I have just returned from a 1750 km long road trip to Cape Town. I tried every excuse I could think of to get out of it but, eventually, I had to concede defeat and resign myself to a very long drive in a very small car. Actually, it wasn’t that small - the Toyota Yaris is surprisingly roomy with a huge amount of packing space once the rear seats have been folded flat. And we needed that space because my son, Mike, was returning to university, laden with a year’s supply of kit and my beloved Sue had packed what looked like a year’s supply of “padkos” to fortify us on the journey.
We planned to do the trip over two days, breaking the journey in Port Elizabeth, a thousand kilometres or ten hours down the road. This would leave us with a relatively short 750 km hop to Cape Town the following day, from where I would catch a plane back to Durban and collapse in a heap! Oh, don’t be such a wimp, David – look at Pieter Verster… he regularly drives his son, to Stellenbosch…and they do it in a single day! Yes, my darling, but he also does the annual Two Oceans Marathon and other near superhuman feats of endurance for fun. I, by comparison, am more of a pleasure cruiser. Still, the countdown continued and when D Day arrived, we loaded a small mountain of luggage into the plucky little Yaris and hit the road at 04h30 – destination…Kokstad…our first planned fuel stop before entering the dreaded Transkei. Mike had done a great deal of preparation for the journey, much of it on his ipod. Now, while I have always considered myself a music lover, nothing I heard on the first twenty minutes of Mike’s road trip playlist was familiar to me and I secretly began to despair …only seventeen hours and forty minutes to go… But then we shared an energy drink and a freshly home baked Cornish Pasty which had the effect of considerably raising my flagging spirits and the journey began to brighten with the sunrise.
After a very pleasant hour and a half on that excellent highway to the South Coast, the dulcet voice on our GPS told me to leave the highway and join the road less travelled on a cross country adventure to a flyspot on the map that is Kokstad. A curtain of mist closed in and heavy drizzle began to fall, obscuring all but the dirty wall of metal and tail lights that marked the rear of an agonisingly slow convoy of heavy articulated trucks in front of us. And so we crawled…all the way to Kokstad. Thankfully, the journey from there began to improve and, after we had left the questionable delights of Umtata and most of the big trucks behind us, I actually started to enjoy the trip. The Transkei leg of the journey was surprisingly rather pleasant. The road is in good nick and, apart from the occasional carcass spread across the tarmac, it passed without incident. From the Kei River, you’re into settler country and the rugged beauty of the Eastern Cape.

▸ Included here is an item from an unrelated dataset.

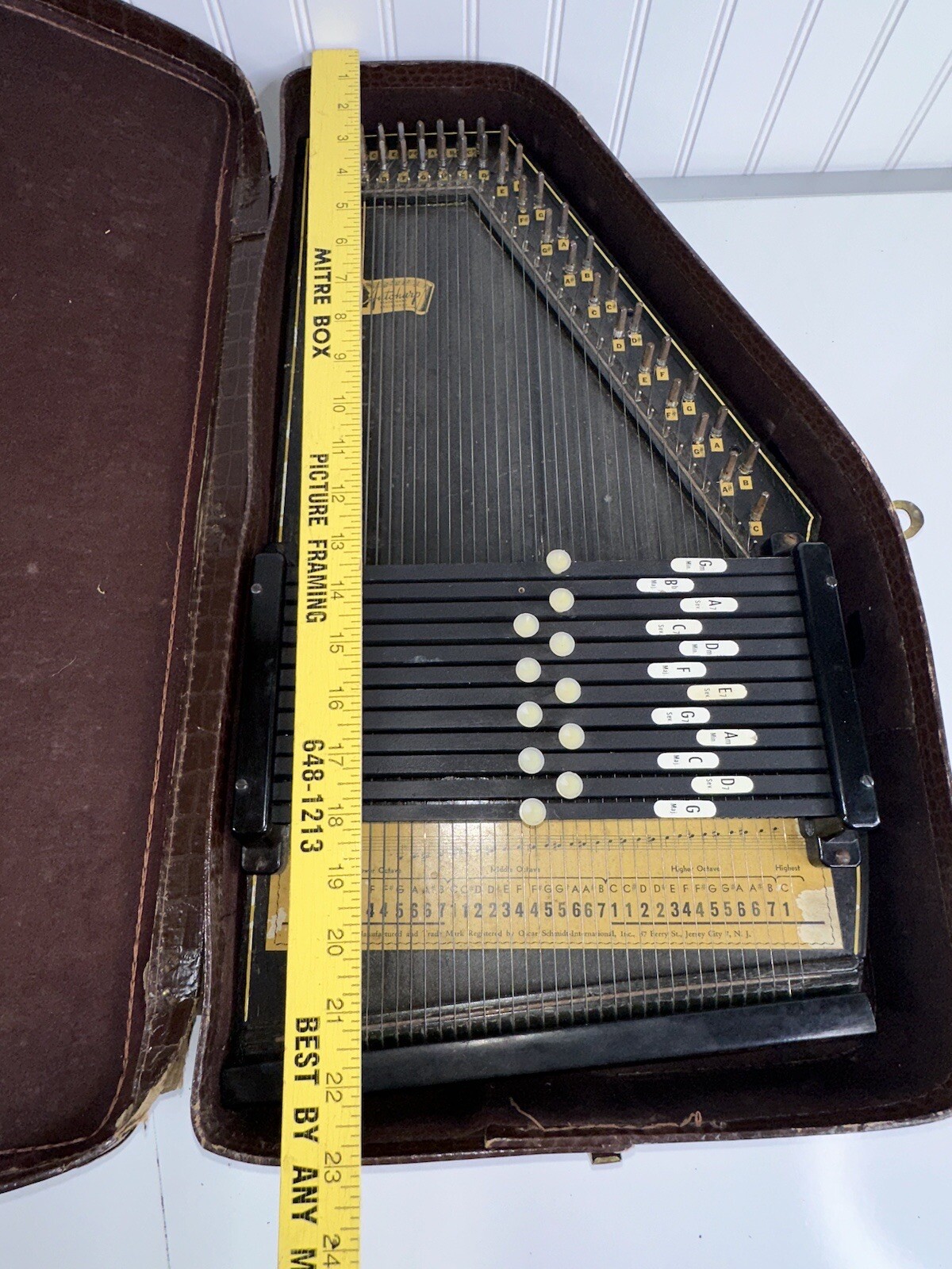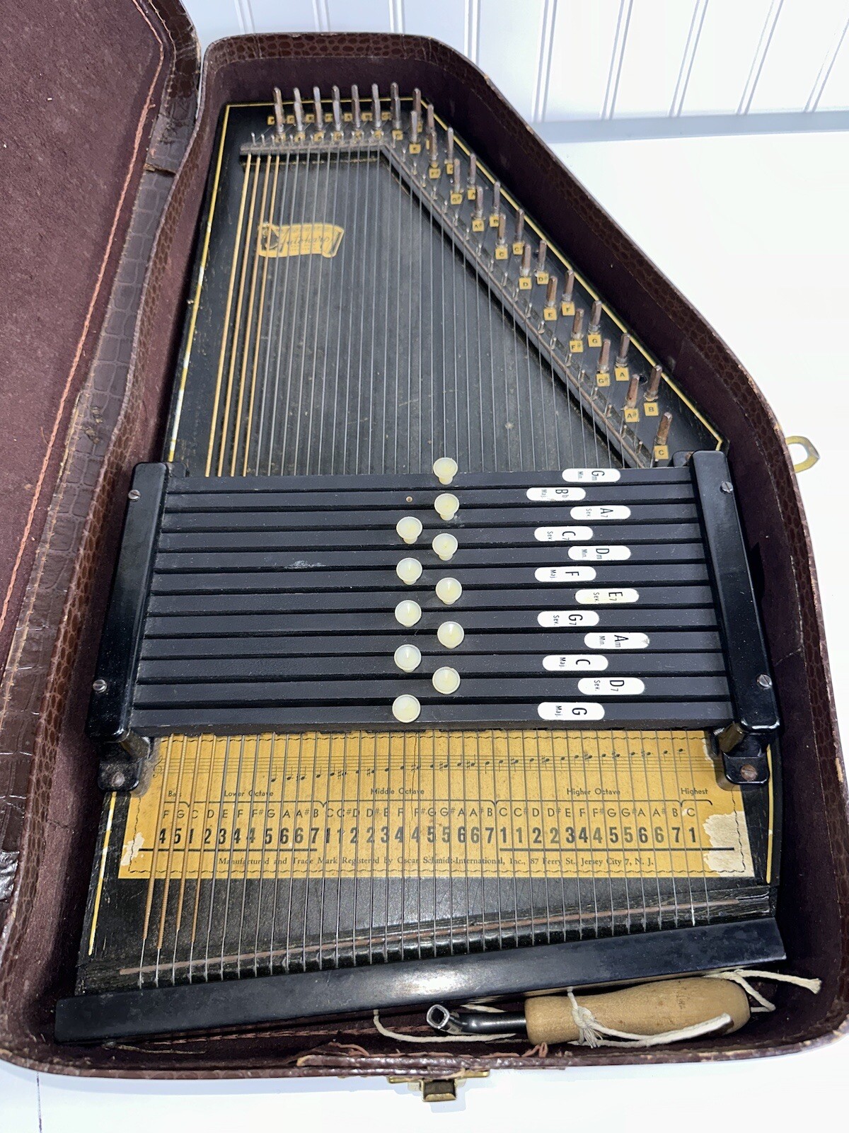 Vtg Oscar Schmidt Autoharp 36 String 12 Chord With Crocodile Brown Leather Case

This is hard, battle scarred territory where old stone buildings stand silent and watchful as you pass. Port Elizabeth, our scheduled overnight stop, is an unlovely city marked by factories and industrial plant on the waterfront and that enormously expensive white elephant - the Coega Industrial Development Zone - standing empty and silent on the edge of the salt flats.
It was good to be on the road again at 5am the following day and our journey through the Garden Route to Plett, Knysna and George was an absolute joy. The Proteas are in bloom and the Fynbos is a riot of colour prompting indigenous entrepreneurs to set up informal roadside florists to capitalise on nature’s bounty. The final leg of the trip past Swellendam to the foot of Sir Lowry’s Pass is a pastiche of dry landscapes peppered with farmland where olive groves, vineyards and orchards play counterpoint to vast tracts of sheep and cattle country as the Karoo reluctantly surrenders its grip. Then you sweep up and over that magnificent pass to a dramatic reveal of False Bay and our journey’s end in the blue haze far below. As we drove into Cape Town I looked at the young man sitting where my little boy had been and felt a surge of emotion. He’s grown up while I wasn’t looking and the time has passed so quickly. But we have had these two days on the road to reconnect and that’s a gift that I will treasure.